Stored entries:
-------------------------
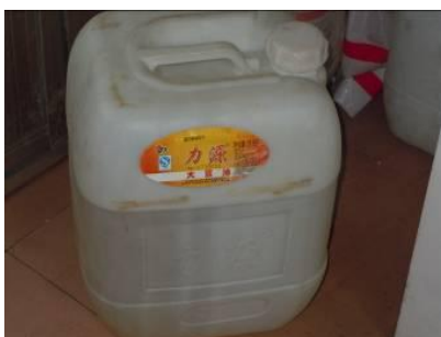
图十二 该校使用的食用油

调查人员当天现场见到了该校使用食用油为“力源”牌大豆油,生产商为广西力源食用油脂有限公司,规格为每桶 21.6 升,校长介绍该食用油采购价为每桶 240 元。调查人员发现,该食用油包装低劣,包装容器仅为普通塑料桶,肉眼所见油质稍浑浊。据调查人员在网上搜索该品牌大豆油相关资料,发现该品牌大豆油网上口碑较差。
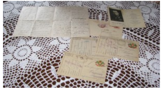
La corrispondenza di Canesi
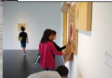
県立美術館では「触る作品」も体験

事前にたくさん学習して行きましたが、実際に見たり聞いたりするとわかることがたくさんありました。県庁10階でのランチや善光寺お戒壇巡りなど、楽しみながら学んだ1日でした。
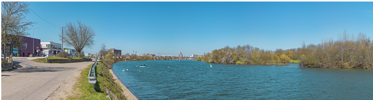
L'amont du quai avec en arrière-plan, le viaduc des Dombes. À droite, les îles de Benne-la-Faux dans la Saône. 71, Saint-Rémy quai Bellevue
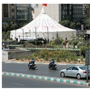
خیمه‌های برافراشته در قلب شهر؛ تکیه‌های عزای حسینی، یادآور واقعه کربلا، در میدان اصلی تهران برپا شده‌اند.
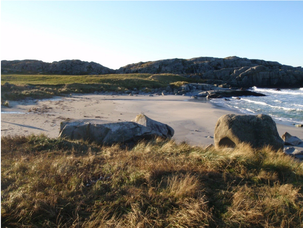
Mjølhussanden tilbyr idyll, finkornet sand og store bølger..
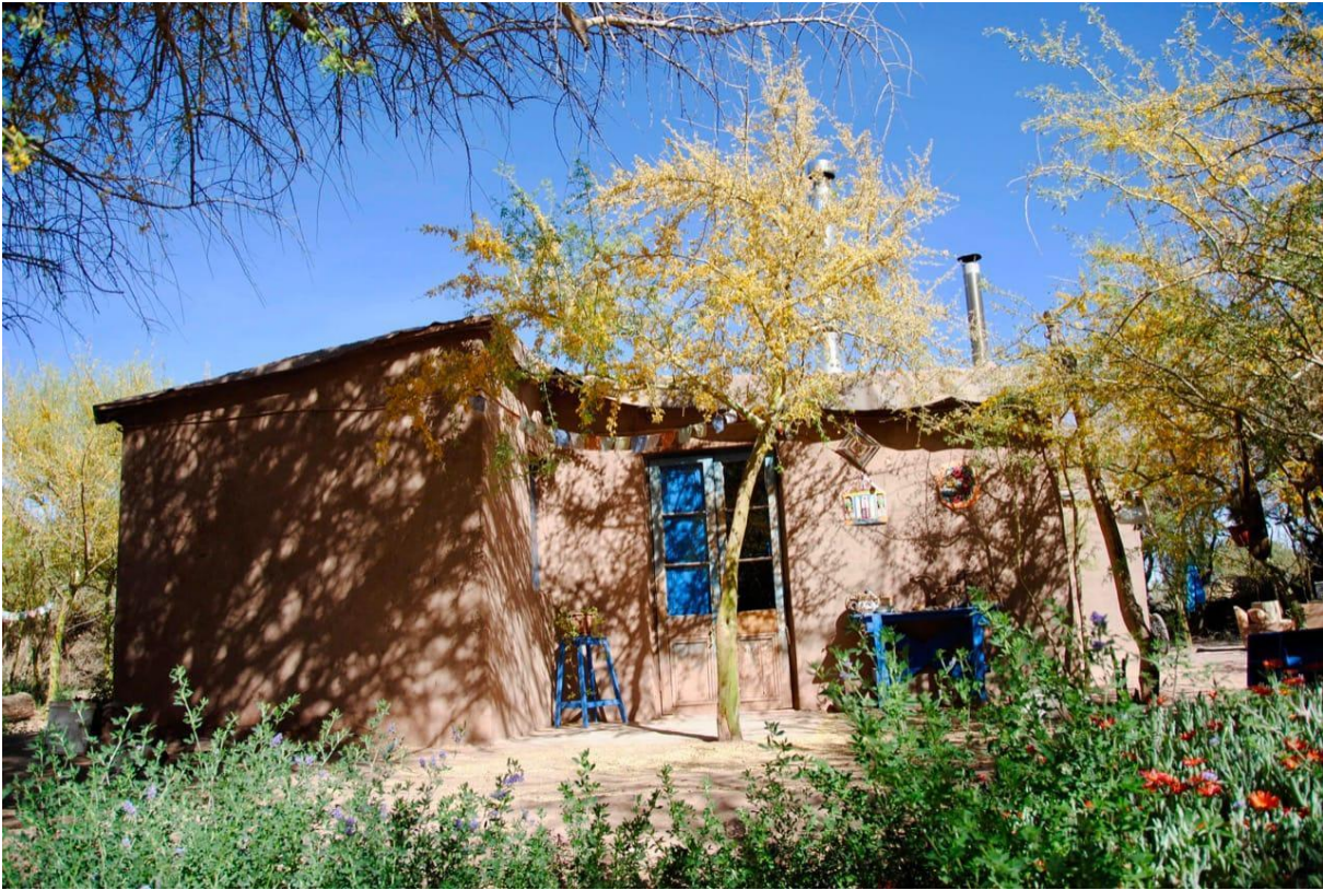
Casona Fundación La Tintorera, San Pedro de Atacama.
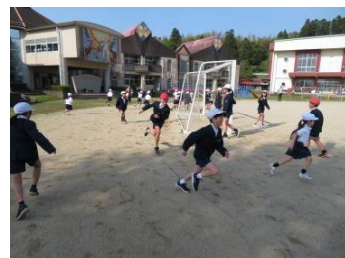
4/16 新入生を迎える会
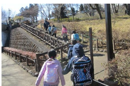
博物館は釜の淵公園内にあります
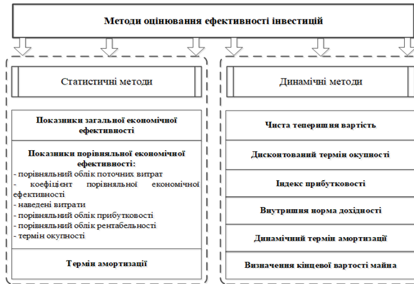
Рисунок 1 – Методи оцінювання ефективності інвестицій промислового підприємства (зроблено автором на основі 3, 4)

Після проведення усіх досліджень, які передують прийняттю інвестиційного рішення, необхідно скласти певний підсумковий документ, який дозволить інвестору та підприємцю не лише прийняти, а й зафіксувати, що і коли належить зробити, щоб виправдалися сподівання на ефективність проекту. Для цього складається бізнес-план, який є головним інструментом для відбиття підприємницької ідеї. Бізнес-план - це стандартний документ, у якому детально обґрунтовуються концепція призначеного для реалізації реального інвестиційного проекту і наводяться основні його технічні, економічні, фінансові та соціальні характеристики. Він описує основні
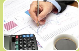
डीपीआर और एफयूपी
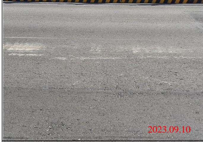
巡查日期地點：112.09.10/ Y23車站 照片說明：路面龜裂狀況
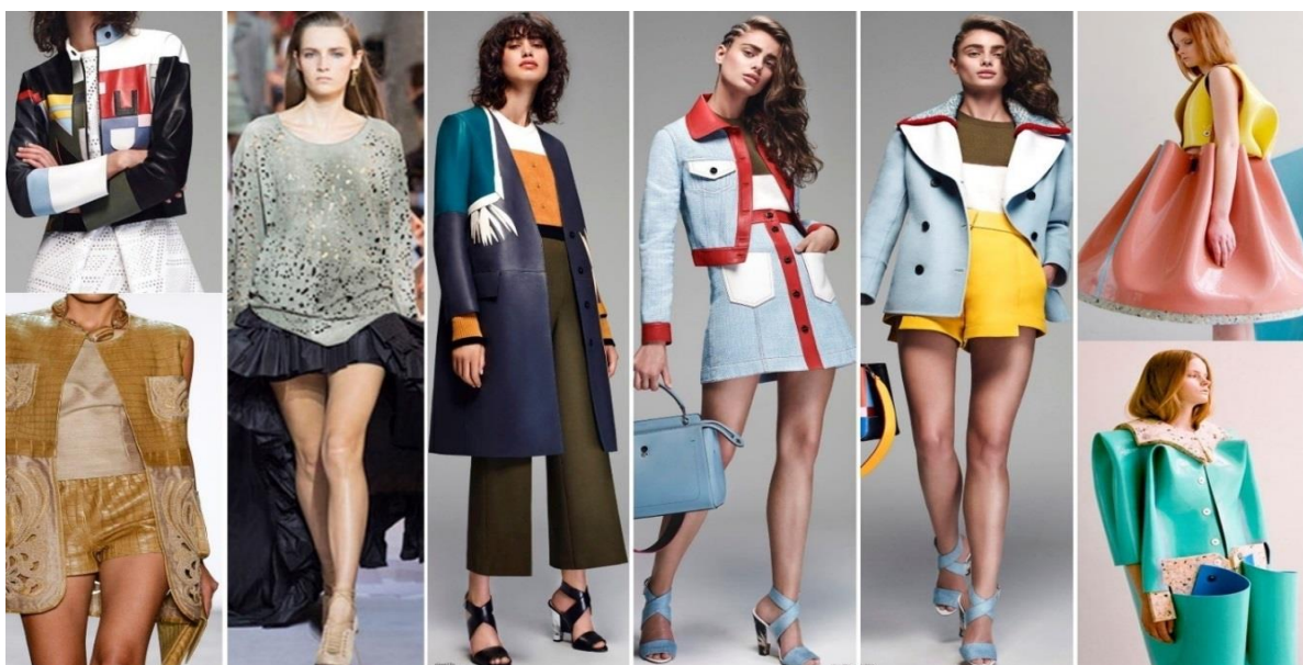
Рисунок 4. Использование нескольких цветов ( https://goo.gl/t6eEHb ).

Эти оттенки смотрятся аристократично, женственно, благородно и выглядят как никогда свежо. Некоторые модные дома предлагают использовать два — три пастельных оттенка, сочетая их в рамках одного образа (Рисунок 4).
-------------------------
# [What to work on]
Please go line by line through the records above, copying each one that holds the string "Рисунок".

# [Answer space]
Рисунок 1 – Методи оцінювання ефективності інвестицій промислового підприємства (зроблено автором на основі 3, 4)
Рисунок 4. Использование нескольких цветов ( https://goo.gl/t6eEHb ).
Эти оттенки смотрятся аристократично, женственно, благородно и выглядят как никогда свежо. Некоторые модные дома предлагают использовать два — три пастельных оттенка, сочетая их в рамках одного образа (Рисунок 4).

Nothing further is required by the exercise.